For API docs and examples, see http://godoc.org/github.com/localrivet/galaxycache

Quick Start

Initializing a peer
// Generate the protocol for this peer to Fetch from others with (package includes HTTP and gRPC)
grpcProto := NewGRPCFetchProtocol(grpc.WithInsecure())

// HTTP protocol as an alternative (passing the nil argument ensures use of the default basepath
// and opencensus Transport as an http.RoundTripper)
httpProto := NewHTTPFetchProtocol(nil)

// Create a new Universe with the chosen peer connection protocol and the URL of this process
u := NewUniverse(grpcProto, "my-url")

// Set the Universe's list of peer addresses for the distributed cache
u.Set("peer1-url", "peer2-url", "peer3-url")
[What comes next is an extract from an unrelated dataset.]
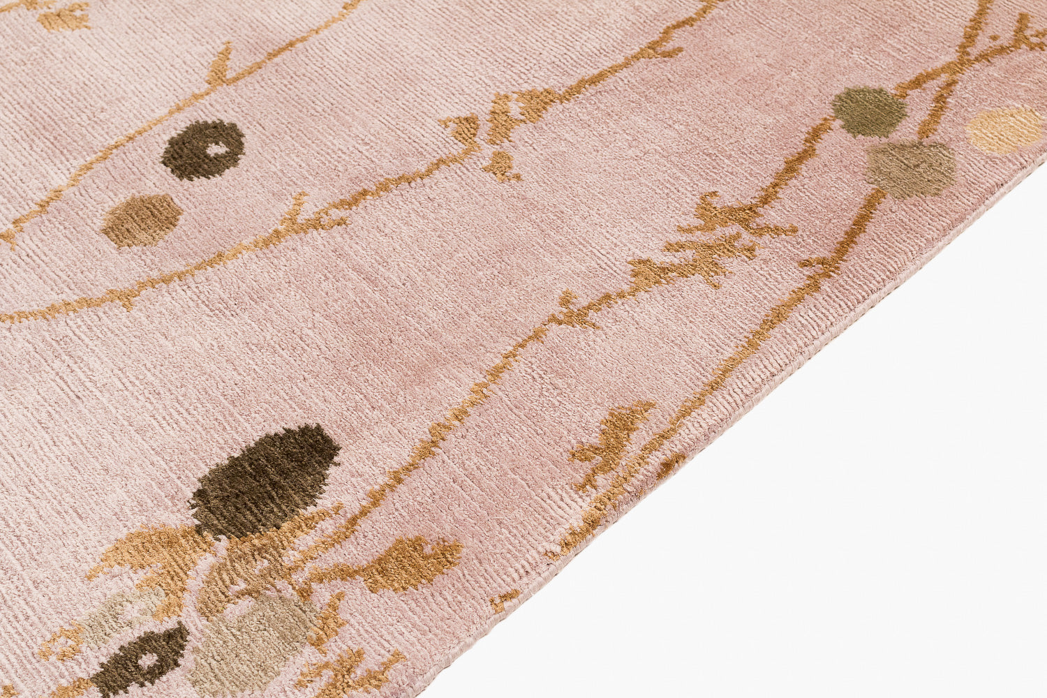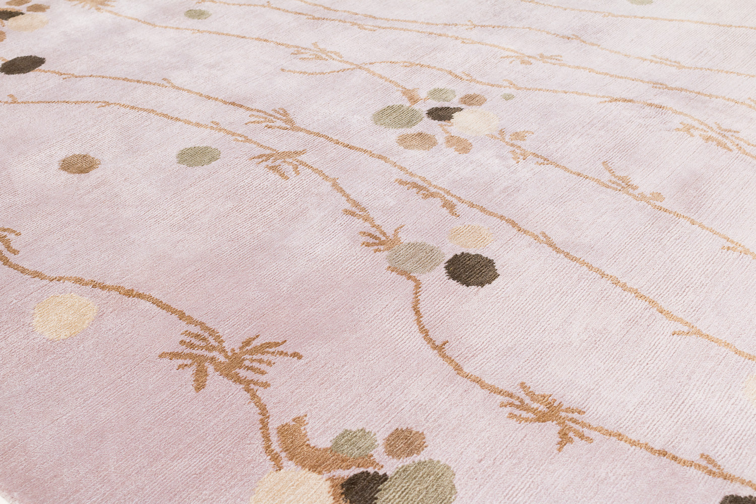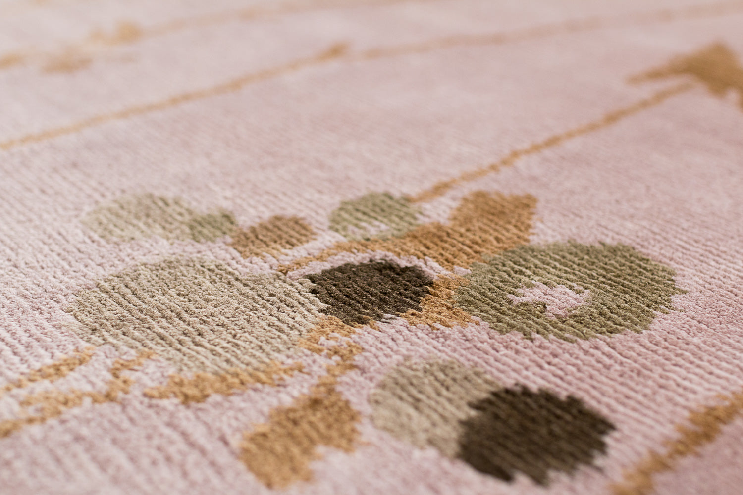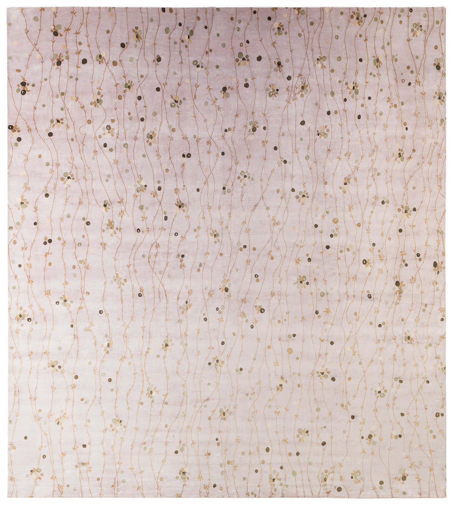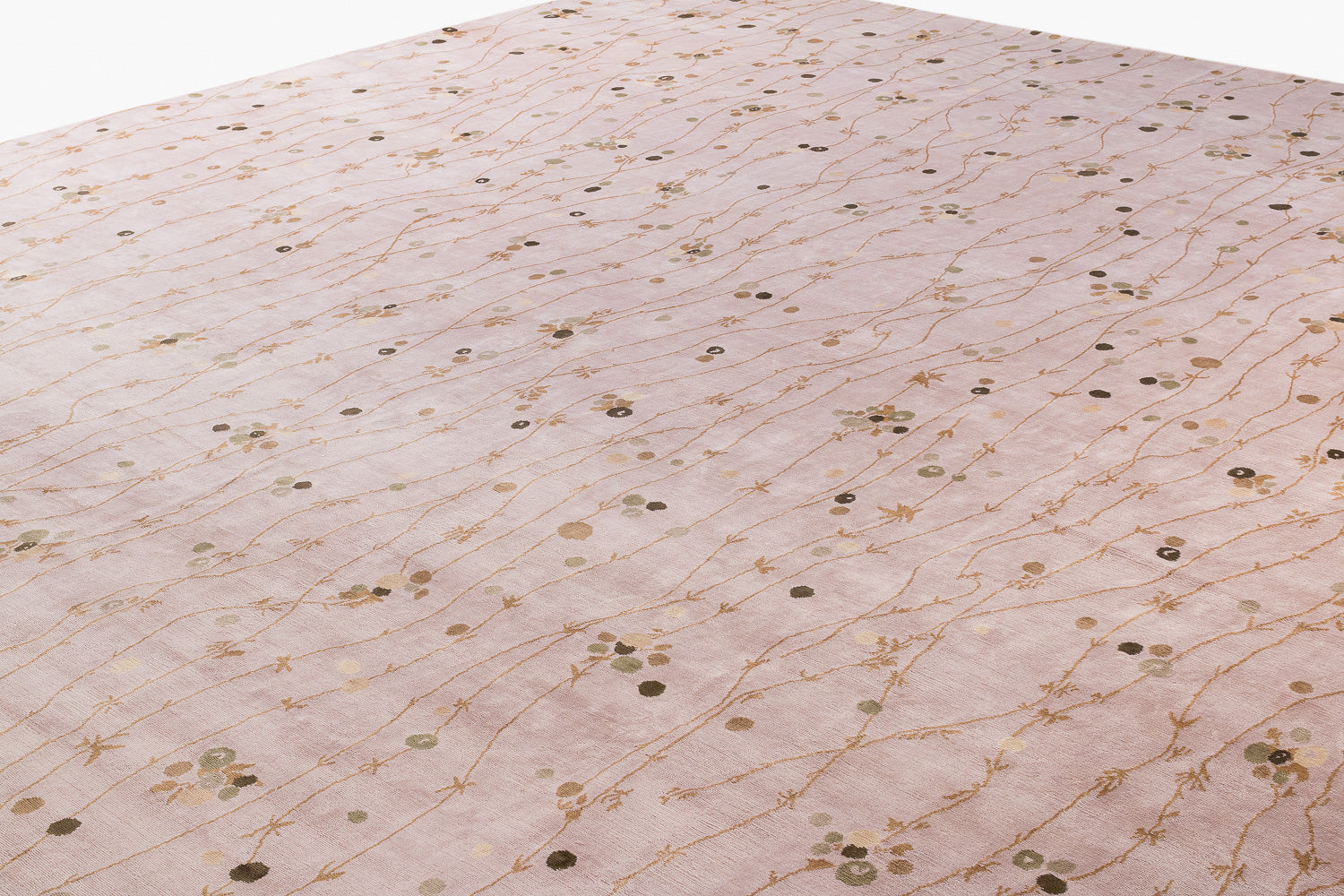 Featuring a modern botanical pattern, the design showcases vines adorned with blossoms that flow gracefully across the carpet, reflecting a subtle Japanese design influence. Japanese Vine exudes an ethereal quality, creating a timeless aesthetic.

// Define a BackendGetter (here as a function) for retrieving data
getter := GetterFunc(func(ctx context.Context, key string, dest Codec) error {
   // Define your method for retrieving non-cached data here, i.e. from a database
})

// Create a new Galaxy within the Universe with a name, the max capacity of cache space you would
// like to allocate, and your BackendGetter
g := u.NewGalaxy("galaxy-1", 1 << 20, getter)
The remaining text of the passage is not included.